◆ PROBLEM TO WORK ON:
Should a picture appear anywhere in the data, omit it and copy everything else exactly.

◆ GIVEN INFORMATION:
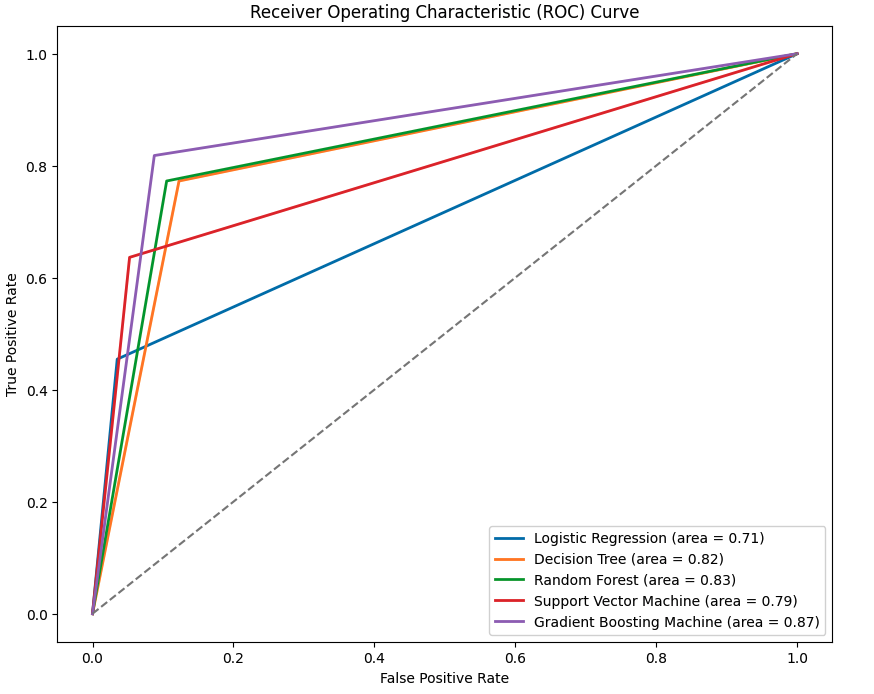 The Gradient Boosting model got the highest value of AUC (0.87), indicating it’s the best at distinguishing between classes (e.g. purchase vs no purchase). Its ROC curve is the one nearest to the top-left corner, indicative of a high TPR coupled with a low FPR. The Random Forest (AUC = 0.83) and Decision Tree (AUC = 0.82) models also have good predictive performance, probably because these models, especially tree-based models, are able to capture non-linear relationships, such as interaction between Age and EstimatedSalary. Logistic Regression (AUC = 0.71) achieves the worst performance, being a linear classifier, and as such does not account for the overall behavior of customers. The Support Vector Machine (AUC = 0.79) falls in the middle, possibly because its default kernel (e.g., linear or RBF) isn’t fully optimized for this dataset. The difference in AUCs underscores the need for testing multiple models, as tree-based methods appear to be better for this problem.
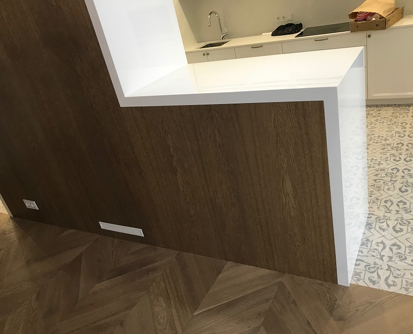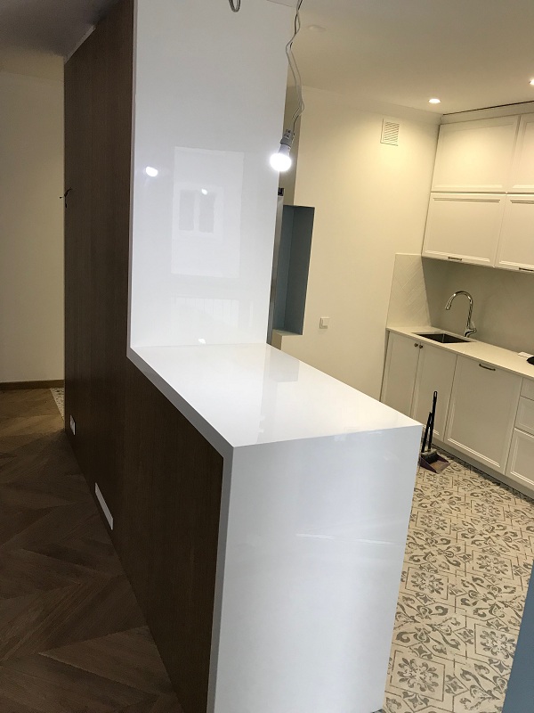 Материал: крашенный МДФ толщиной 60мм Белый глянец, шпон натуральный дуб
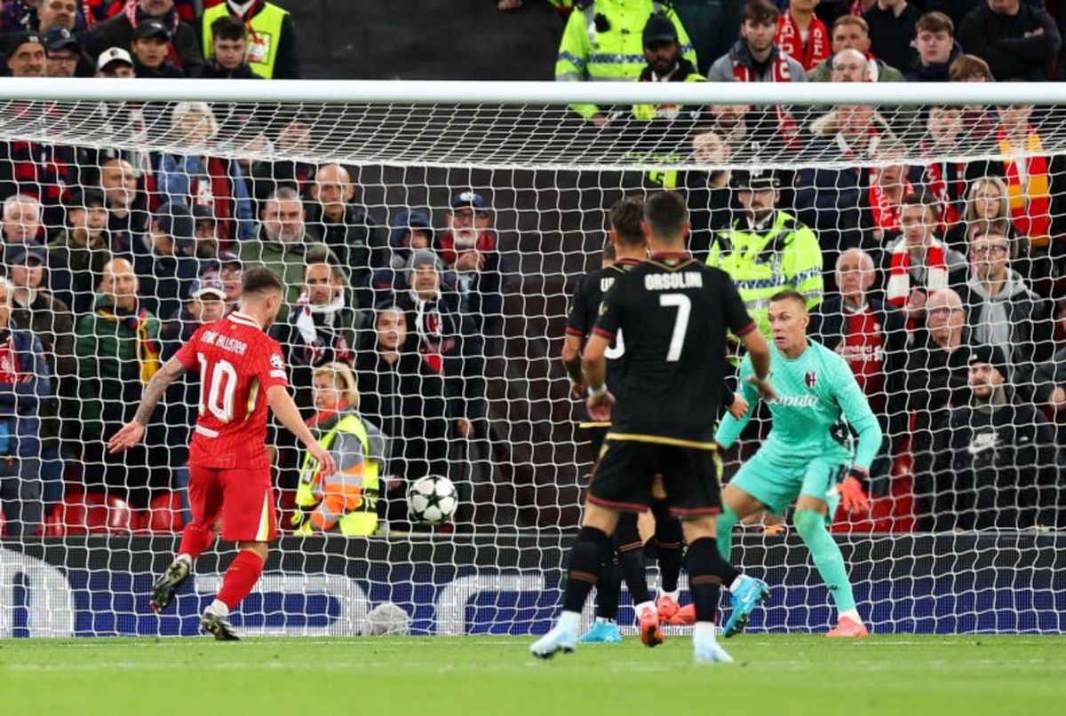 پاسکاری ترکیبی زیبای بازیکنان لیورپول در نزدیکی محوطه جریمه بولونیا، با ارسال بلند محمد صلاح به دهانه دروازه حریف همراه شد و مک آلیستر با حضور به موقع در شش قدم بولونیا و با ضربه پای چپ در یازدهمین دقیقه بازی حساب کار را ۱-۰ کرد.

◆ ANSWER TO THE EXERCISE:
 The Gradient Boosting model got the highest value of AUC (0.87), indicating it’s the best at distinguishing between classes (e.g. purchase vs no purchase). Its ROC curve is the one nearest to the top-left corner, indicative of a high TPR coupled with a low FPR. The Random Forest (AUC = 0.83) and Decision Tree (AUC = 0.82) models also have good predictive performance, probably because these models, especially tree-based models, are able to capture non-linear relationships, such as interaction between Age and EstimatedSalary. Logistic Regression (AUC = 0.71) achieves the worst performance, being a linear classifier, and as such does not account for the overall behavior of customers. The Support Vector Machine (AUC = 0.79) falls in the middle, possibly because its default kernel (e.g., linear or RBF) isn’t fully optimized for this dataset. The difference in AUCs underscores the need for testing multiple models, as tree-based methods appear to be better for this problem.
 Материал: крашенный МДФ толщиной 60мм Белый глянец, шпон натуральный дуб
 پاسکاری ترکیبی زیبای بازیکنان لیورپول در نزدیکی محوطه جریمه بولونیا، با ارسال بلند محمد صلاح به دهانه دروازه حریف همراه شد و مک آلیستر با حضور به موقع در شش قدم بولونیا و با ضربه پای چپ در یازدهمین دقیقه بازی حساب کار را ۱-۰ کرد.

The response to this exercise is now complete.